Provided data
[Start of section]
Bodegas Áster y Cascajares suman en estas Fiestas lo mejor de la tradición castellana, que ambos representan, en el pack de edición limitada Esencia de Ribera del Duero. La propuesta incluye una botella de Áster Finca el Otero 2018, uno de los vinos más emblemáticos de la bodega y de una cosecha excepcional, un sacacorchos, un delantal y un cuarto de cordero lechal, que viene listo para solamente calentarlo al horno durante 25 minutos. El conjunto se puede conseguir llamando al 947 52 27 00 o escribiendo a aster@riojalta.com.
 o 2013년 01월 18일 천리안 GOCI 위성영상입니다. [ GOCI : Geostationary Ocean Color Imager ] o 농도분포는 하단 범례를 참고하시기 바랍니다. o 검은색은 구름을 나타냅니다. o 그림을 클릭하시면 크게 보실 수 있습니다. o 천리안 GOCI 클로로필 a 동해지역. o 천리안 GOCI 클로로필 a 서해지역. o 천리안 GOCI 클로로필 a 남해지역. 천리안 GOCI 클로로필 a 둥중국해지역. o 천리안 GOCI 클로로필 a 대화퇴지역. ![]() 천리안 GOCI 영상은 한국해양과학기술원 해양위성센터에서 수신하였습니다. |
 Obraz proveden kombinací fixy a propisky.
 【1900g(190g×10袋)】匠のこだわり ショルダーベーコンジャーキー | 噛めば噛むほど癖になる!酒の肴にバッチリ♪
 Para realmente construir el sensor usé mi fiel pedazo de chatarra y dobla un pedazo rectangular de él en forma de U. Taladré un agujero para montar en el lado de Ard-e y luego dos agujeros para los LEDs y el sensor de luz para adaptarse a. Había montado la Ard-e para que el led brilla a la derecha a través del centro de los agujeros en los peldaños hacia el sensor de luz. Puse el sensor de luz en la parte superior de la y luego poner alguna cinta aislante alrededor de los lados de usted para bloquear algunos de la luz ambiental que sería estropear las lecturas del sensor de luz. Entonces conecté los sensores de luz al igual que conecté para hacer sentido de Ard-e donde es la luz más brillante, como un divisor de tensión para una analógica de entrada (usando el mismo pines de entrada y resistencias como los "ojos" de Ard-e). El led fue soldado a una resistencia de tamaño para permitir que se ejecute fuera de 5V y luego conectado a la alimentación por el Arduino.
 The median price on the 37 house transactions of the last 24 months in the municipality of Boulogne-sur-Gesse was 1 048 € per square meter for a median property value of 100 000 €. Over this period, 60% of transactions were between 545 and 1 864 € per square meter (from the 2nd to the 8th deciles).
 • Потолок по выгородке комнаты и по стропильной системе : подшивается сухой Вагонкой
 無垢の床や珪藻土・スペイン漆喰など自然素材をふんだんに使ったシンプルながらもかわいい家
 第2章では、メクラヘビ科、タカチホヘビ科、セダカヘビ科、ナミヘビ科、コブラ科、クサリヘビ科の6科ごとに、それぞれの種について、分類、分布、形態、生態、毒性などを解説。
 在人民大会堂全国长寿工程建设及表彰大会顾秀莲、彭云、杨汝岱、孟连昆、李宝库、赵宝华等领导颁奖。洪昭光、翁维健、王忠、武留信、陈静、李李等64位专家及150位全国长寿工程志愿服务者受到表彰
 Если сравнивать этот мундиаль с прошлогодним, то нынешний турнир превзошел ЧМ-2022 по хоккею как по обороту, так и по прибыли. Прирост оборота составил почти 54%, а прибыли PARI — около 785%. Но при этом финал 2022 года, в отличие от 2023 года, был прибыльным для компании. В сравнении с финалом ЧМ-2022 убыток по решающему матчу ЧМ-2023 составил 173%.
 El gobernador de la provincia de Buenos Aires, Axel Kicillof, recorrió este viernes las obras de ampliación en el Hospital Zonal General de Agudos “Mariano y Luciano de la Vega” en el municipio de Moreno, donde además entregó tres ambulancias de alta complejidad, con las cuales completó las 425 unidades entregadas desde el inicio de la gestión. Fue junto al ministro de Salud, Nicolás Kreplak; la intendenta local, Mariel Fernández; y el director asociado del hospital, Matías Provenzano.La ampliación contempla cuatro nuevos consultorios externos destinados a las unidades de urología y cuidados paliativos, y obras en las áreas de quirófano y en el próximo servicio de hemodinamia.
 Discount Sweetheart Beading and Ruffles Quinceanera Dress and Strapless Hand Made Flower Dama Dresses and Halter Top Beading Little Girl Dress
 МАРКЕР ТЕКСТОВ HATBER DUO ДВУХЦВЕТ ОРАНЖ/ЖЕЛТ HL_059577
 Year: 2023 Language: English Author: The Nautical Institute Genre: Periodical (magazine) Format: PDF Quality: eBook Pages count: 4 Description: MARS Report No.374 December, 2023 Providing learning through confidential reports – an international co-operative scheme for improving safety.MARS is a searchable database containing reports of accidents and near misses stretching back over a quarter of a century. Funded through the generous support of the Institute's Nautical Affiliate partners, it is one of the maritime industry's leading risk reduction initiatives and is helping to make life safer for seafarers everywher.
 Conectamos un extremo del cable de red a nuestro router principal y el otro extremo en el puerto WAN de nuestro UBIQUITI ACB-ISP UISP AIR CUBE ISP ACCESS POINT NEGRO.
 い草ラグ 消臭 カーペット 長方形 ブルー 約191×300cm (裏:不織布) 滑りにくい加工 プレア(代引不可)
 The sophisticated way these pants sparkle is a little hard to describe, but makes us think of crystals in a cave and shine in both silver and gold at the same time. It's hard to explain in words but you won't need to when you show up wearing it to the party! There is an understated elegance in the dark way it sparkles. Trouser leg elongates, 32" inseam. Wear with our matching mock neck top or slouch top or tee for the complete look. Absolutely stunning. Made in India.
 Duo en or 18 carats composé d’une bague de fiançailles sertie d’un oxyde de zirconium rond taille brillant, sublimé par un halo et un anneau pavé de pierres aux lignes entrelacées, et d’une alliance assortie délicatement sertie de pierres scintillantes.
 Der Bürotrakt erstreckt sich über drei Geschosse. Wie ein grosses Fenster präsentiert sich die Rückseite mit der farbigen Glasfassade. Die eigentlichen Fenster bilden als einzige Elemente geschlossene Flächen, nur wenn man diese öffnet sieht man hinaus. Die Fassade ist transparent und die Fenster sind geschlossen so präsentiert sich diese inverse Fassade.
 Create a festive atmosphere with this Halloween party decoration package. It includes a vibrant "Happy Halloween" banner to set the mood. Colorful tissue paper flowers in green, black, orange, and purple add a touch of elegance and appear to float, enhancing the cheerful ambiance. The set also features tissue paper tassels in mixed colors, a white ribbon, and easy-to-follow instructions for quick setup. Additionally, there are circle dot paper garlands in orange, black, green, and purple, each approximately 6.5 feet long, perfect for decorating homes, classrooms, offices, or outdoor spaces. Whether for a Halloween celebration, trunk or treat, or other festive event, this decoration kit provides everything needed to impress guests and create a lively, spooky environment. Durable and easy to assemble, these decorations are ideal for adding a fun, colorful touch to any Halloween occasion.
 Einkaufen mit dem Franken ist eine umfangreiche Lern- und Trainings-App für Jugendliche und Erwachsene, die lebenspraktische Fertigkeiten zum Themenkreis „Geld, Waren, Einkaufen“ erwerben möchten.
[End of section]
Look through the entries above and quote exactly the lines from the line with "Obraz proveden kombinací fixy a propisky." to the line with "ショルダーベーコンジャーキー | 噛めば噛むほど癖になる!酒の肴にバッチリ♪", counting both of those lines.

Output of the task
 Obraz proveden kombinací fixy a propisky.
 【1900g(190g×10袋)】匠のこだわり ショルダーベーコンジャーキー | 噛めば噛むほど癖になる!酒の肴にバッチリ♪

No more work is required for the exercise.